Le ministère des Armées va aussi évaluer les différentes solutions techniques sur le catapultage des chasseurs embarqués. L’option des catapultes électromagnétiques EMALS (Electromagnetic Aircraft Launch System) qui équipent les porte-avions américains de la classe Gerald Ford semble privilégiée, plutôt que celle des catapultes à vapeur actuelles. La France ne maîtrisant pas la conception de ces équipements, des discussions ont été ouvertes par la DGA avec les Etats-Unis sur la question cet été.

Le caractère national ou non du programme reste aussi à définir. La France a été échaudée par le partenariat lancé avec la Grande-Bretagne en 2006 pour le développement de porte-avions en commun. Un pari perdu sur toute la ligne : Londres a finalement développé ses navires seule, et la France a financé en vain 214 millions d’euros d’études, selon un rapport de la Cour des comptes publié en 2014. « Pour l’instant, on part en national, assure-t-on au cabinet de la ministre. Mais nous sommes ouverts pour discuter du sujet avec d’autres pays. C’est un sujet de discussion possible avec l’Allemagne, voire l’Inde. »

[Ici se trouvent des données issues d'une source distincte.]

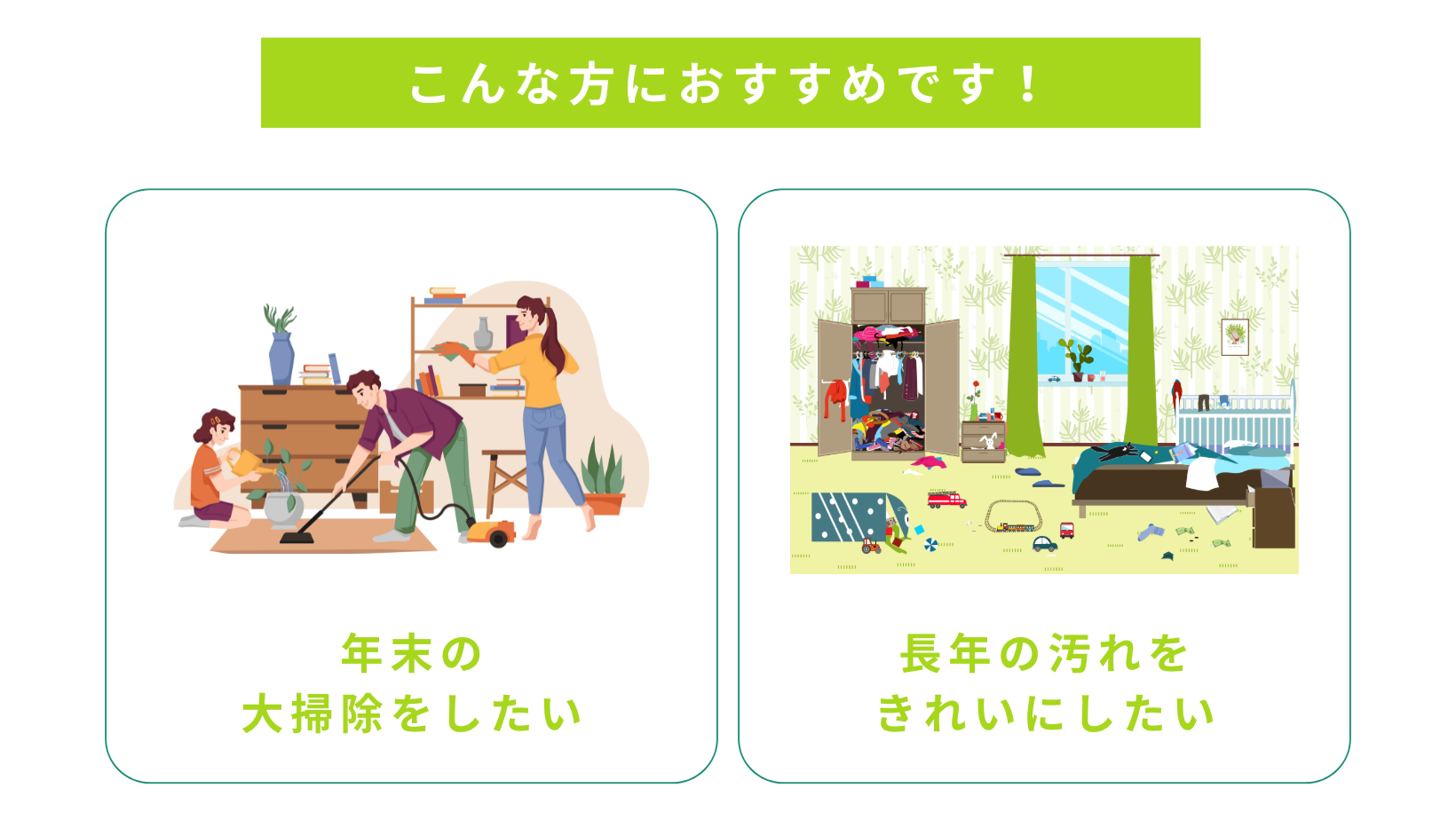 - 清掃箇所周辺の小物や日用品は、できる範囲で事前に片付けていただけるとスムーズに作業が進みます。
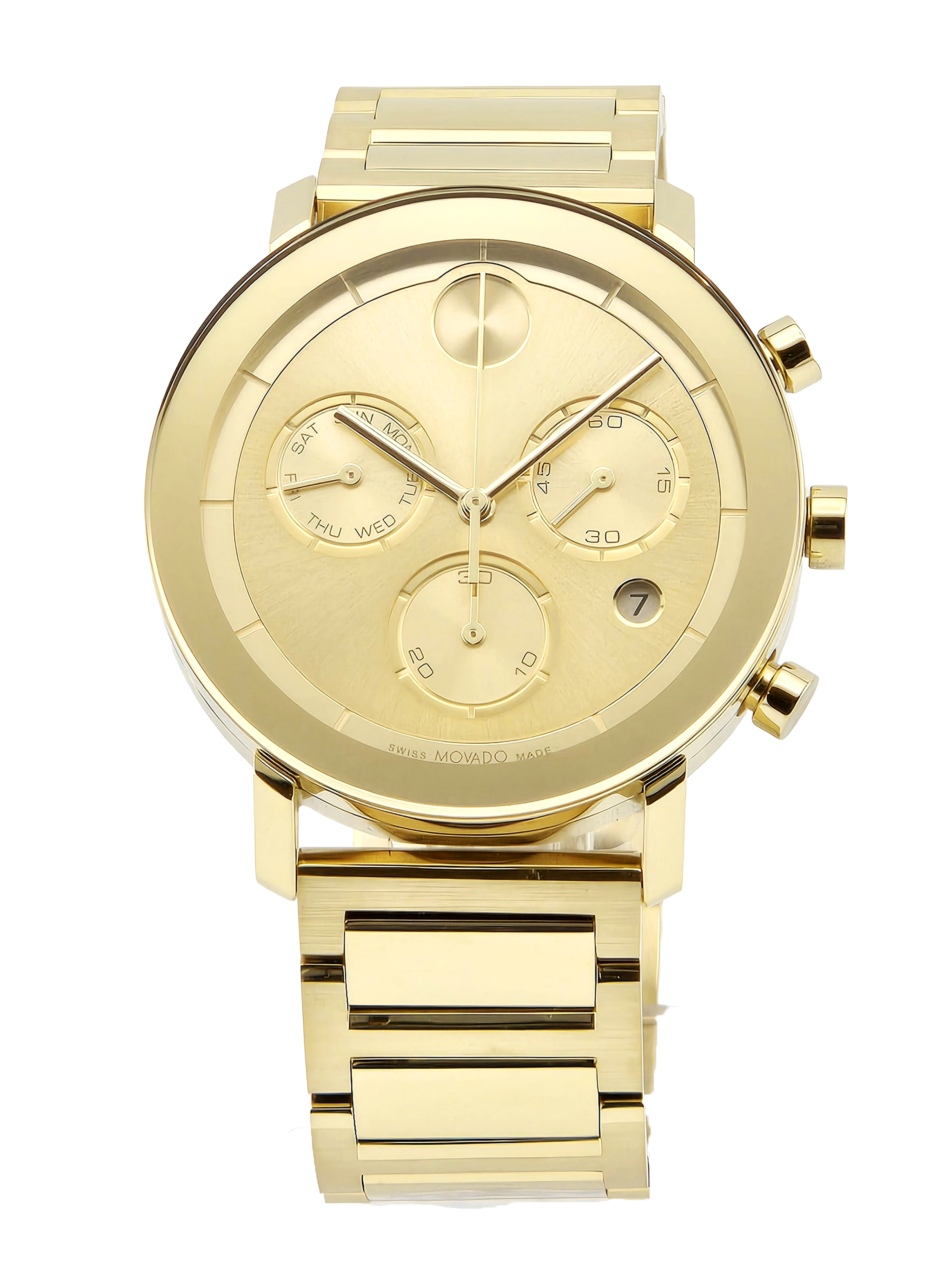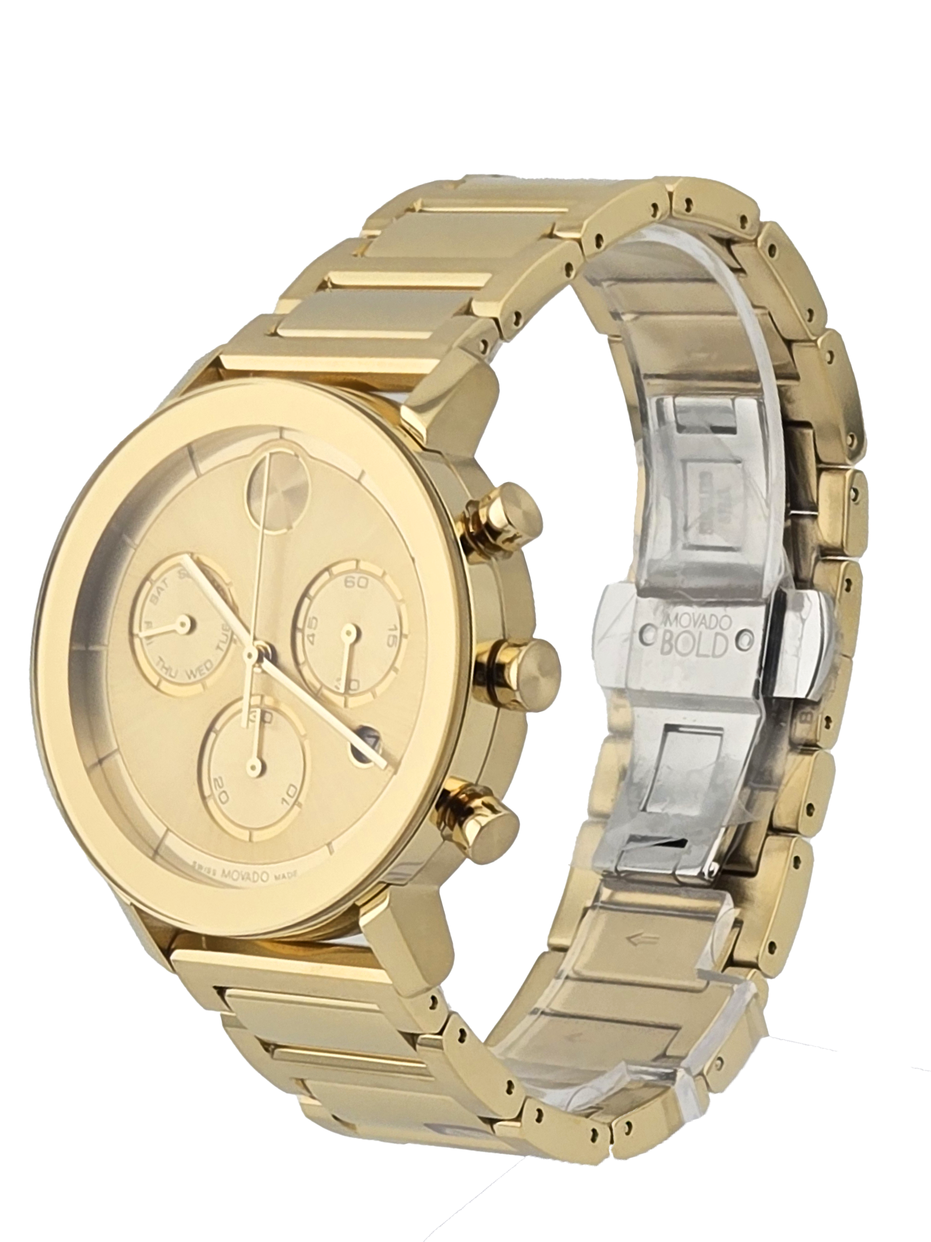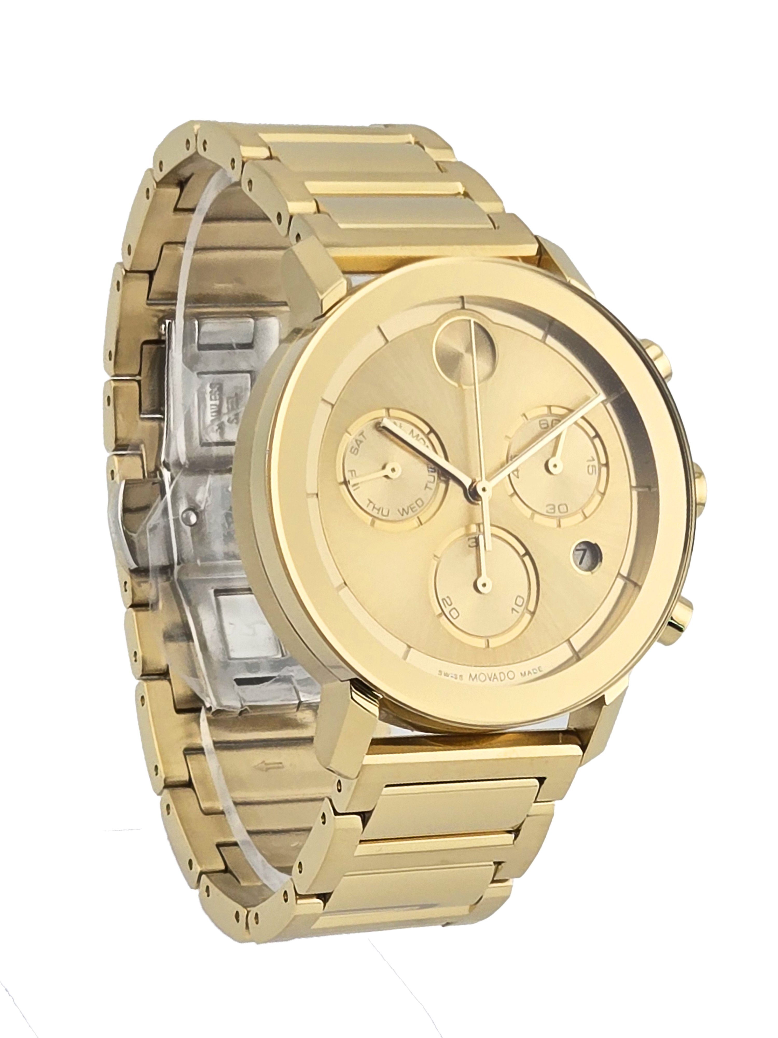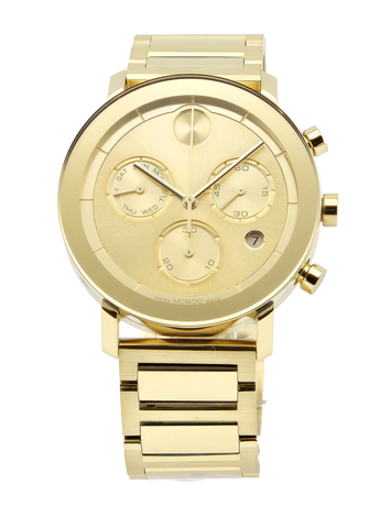 The Movado Bold Men's Light Gold Dial Stainless Steel Watch (3600811) showcases a sleek monochromatic design with its yellow gold IP stainless steel case, bracelet, and fixed bezel. The light gold dial features gold-tone hands, index markers, the signature Movado dot at 12 o’clock, and three chronograph sub-dials for 60-second, 30-minute, and day functions, along with a date display at 4 o’clock. Powered by precise quartz movement and protected by a scratch-resistant K1 crystal, this 42mm watch combines durability with style. A secure deployment clasp and 30-meter water resistance make it a versatile and elegant accessory for any occasion.

Le nombre de nouveaux porte-avions est un autre sujet majeur à trancher : le PANG est-il juste destiné à remplacer numériquement le Charles de Gaulle, dont la retraite est prévue en 2038 au plus tard ? La France repassera-t-elle à deux navires, comme au temps du Foch et du Clemenceau ? Ou, solution intermédiaire, le deuxième porte-avions pourrait-il arriver un peu avant la retraite du Charles de Gaulle, permettant un « tuilage » de quelques années ? Le coût du programme plaide évidemment pour une solution a minima.

Retards systématiques

Une chose est sûre : ceux qui attendaient un second porte-avions français rapidement seront déçus. Le calendrier retenu ne permet pas d’envisager le futur porte-avions avant 2035-2038. Pourquoi ? Parce que le développement d’un tel navire prend du temps. « Entre le lancement du programme Charles de Gaulle en 1986 et son entrée en service en 2001, il s’est passé 15 ans », souligne-t-on dans l’entourage de la ministre. Certes, les travaux avaient été ralentis par des crédits de paiement insuffisants certaines années, d’où un retard de l’ordre de trois ans.

Mais des retards sur des projets de cette ampleur sont quasi-systématiques, comme le montrent les retards des sous-marins nucléaires d’attaque français Suffren, ou ceux des porte-avions britanniques HMS Queen Elisabeth et HMS Prince of Wales. Le Charles de Gaulle risque donc bien de rester longtemps le seul porte-avions de la flotte française. Sa date définitive de retrait du service doit être fixée en 2028, lors de son prochain arrêt technique majeur.